Re: Boarding Position Algorithm

dfwskier
Aviator A

Business select, A list preferred,  A list , and EBCI boarding positions are assigned at 36 hours prior to flight time. Others can check in starting 24 hours prior to flight time.

 

People that cancel or change flights (ie standby for an earlier flights)  or just no show after receiving  boarding positions relinquish  those positions. So if a number of people do what I just said, there could be a fair number of unused boarding positions on a flight

 

That s why someone who checks in a hour before flight time could receive a better boarding position than someone who was A List or EBCI -- because that person got a position that someone else relinquished afer others had checked in.

Re: Boarding Position Algorithm

moschioni
Explorer C

I understand your response, and that very well could have been what happened, but the check in agent said the flight is never full and said there were no “no shows” or cancellations. Plus, I would really think it odd for a 5am regular flight with 60 +- passengers to have just as many cancellations/flight changes/no shows or even half as many of those. I’m sure I’ll never know the answer to this, and I suspect my conspiracy theories will remain as theories. 

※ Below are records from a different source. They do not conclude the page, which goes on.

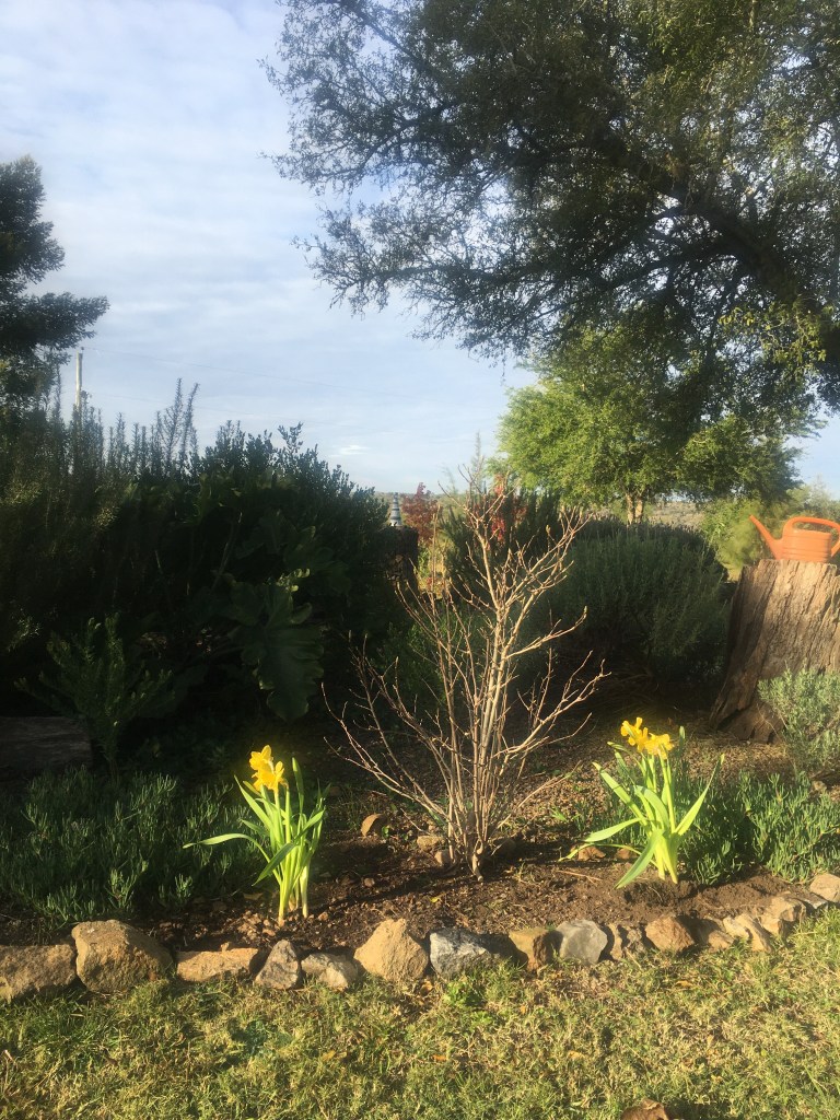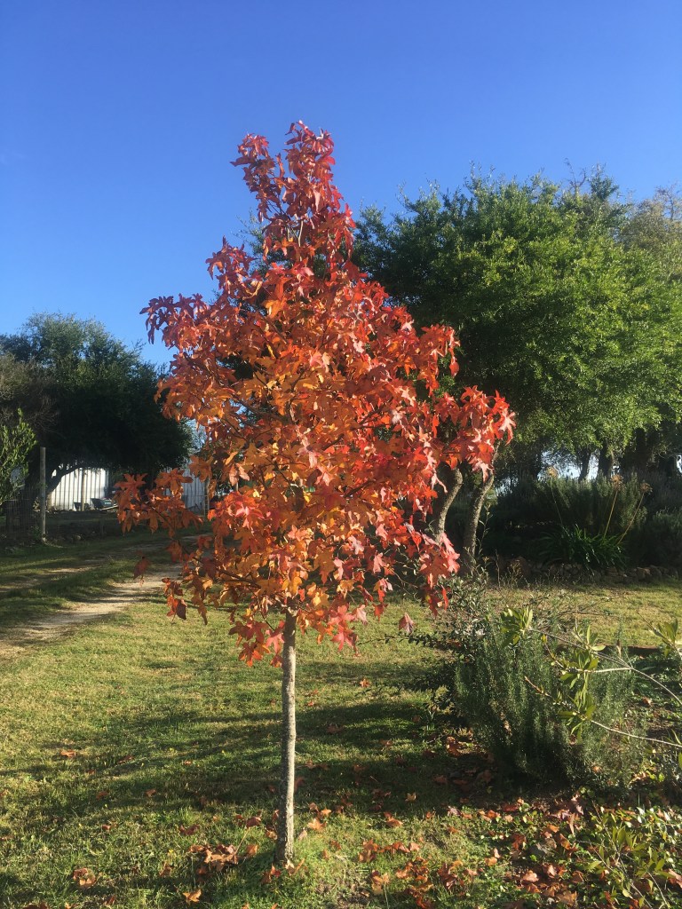 Während im Hintergrund die Ahornbäume im bunten Herbstlaub erstrahlen, blühen im Vordergrund die Osterglocken. Durch Zufall haben wir die hier äußerst seltenen Blumen auf dem Markt in Colonia entdeckt und gleich den ganzen Bestand, zwei Töpfe mit jeweils drei Blumenzwiebeln😁, aufgekauft.
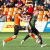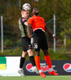 Orri Sveinn með alveg afleita fyrirgjöf sem að Ólafur Ingi nær á einhvern ótrúlegan hátt að skutla sér eftir og stýra honum á markið en Hannes er vel á verði. Ólafur Ingi búinn að haltra í tíu mínútur.
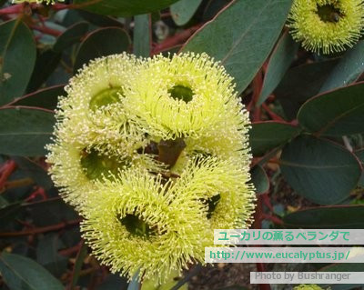 花自体はクリーム色の一般的なユーカリの花ですが、
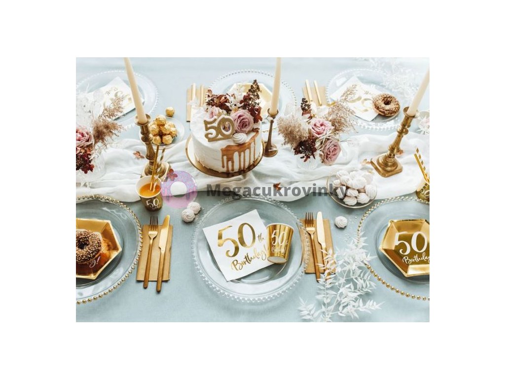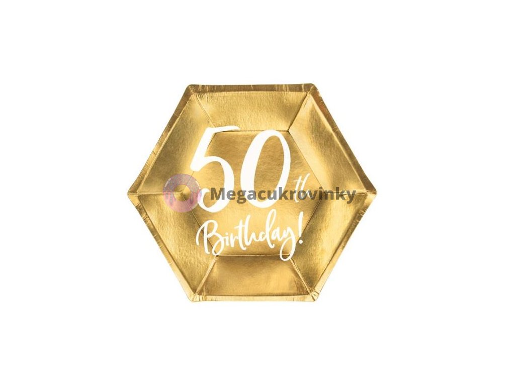 Papírové talíře ve zlatém lesklém provedení s bílým nápisem "50th Birthday". Krásný dekorační a praktický doplněk na narozeninovou oslavu. Rozměry 20 x 17 cm Balení obsahuje 6ksDoplňkové parametry
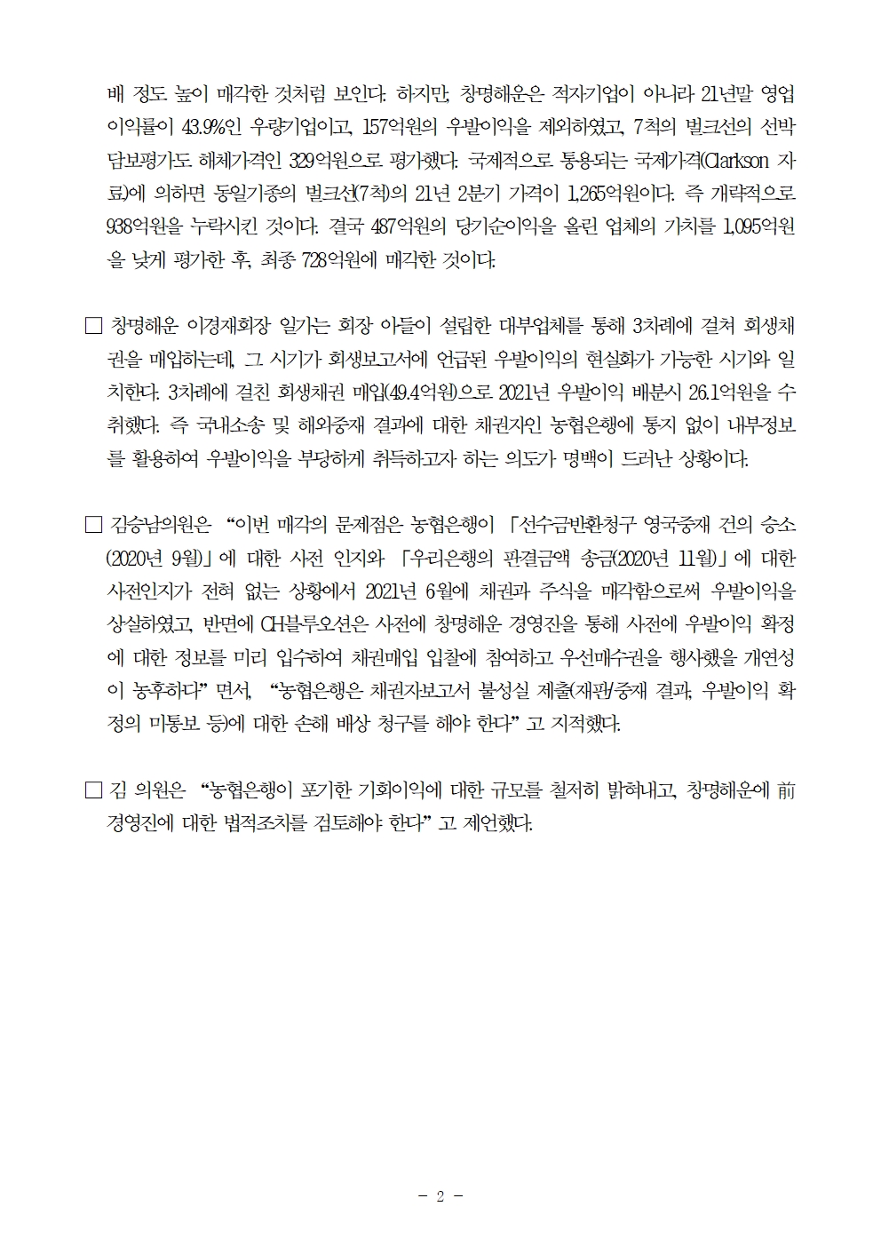 국감_보도자료_20221007_NH농협은행,_창명해운_(전)경영진에_속아_헐값_매각_의혹.hwp

Re: Boarding Position Algorithm

DancingDavidE
Aviator A

@moschioni wrote:

I understand your response, and that very well could have been what happened, but the check in agent said the flight is never full and said there were no “no shows” or cancellations. Plus, I would really think it odd for a 5am regular flight with 60 +- passengers to have just as many cancellations/flight changes/no shows or even half as many of those. I’m sure I’ll never know the answer to this, and I suspect my conspiracy theories will remain as theories. 


There's nothing that we know of that indicates spots are held open, or that the check-ins aren't as described.

 

I'd take the counter point that I've been on several flights that were light and there were no C-numbers given, it was fairly full between the posts in A and B groups.

 

It's open seating, so there isn't any reason for Southwest to hold spots open to space people out - that happens naturally during boarding on a light flight.

 

I'm sure there are gaps all the time with missed connections as well, although that may or may not have been the case with your 5 a.m. flight. 

 

The agent may not actually know about cancellations exactly, since that passenger would be removed from the roster and placed to the new flight unless they had viewed it the day ahead and noticed any changes - there would just be a gap in the positions for unknown reasons.

 

Home airport MDW, frequent visitor to MCO to see the mouse.

Re: Boarding Position Algorithm

DfDrPepper_23
Frequent Flyer C

@moschioni

 

 If I can possible like to point it out for some reasons is that, the storm has been going on for the last few days and some peoples at point might cancel the flight possible to avoid being stranded at the airport in just case of another storm coming in or the T.S.A. are delaying many peoples trying to pass the check in point fearing missing their flights. Prove me if I am wrong.

 

The lastest news was the Government shutdown and bad storm all over eastern part of the U.S.

Re: Boarding Position Algorithm

chgoflyer
Aviator A

You'd be surprised how many people change or cancel their flights, often last minute.

Re: Boarding Position Algorithm

jksobonya
Aviator A

Southwest allows you to cancel your flight with no fees up to *10 minutes* prior to departure, so if there was bad weather that day, it's very possible a lot of people cancelled at the last minute - or the night before. That's the only reason I can explain the gap in numbers.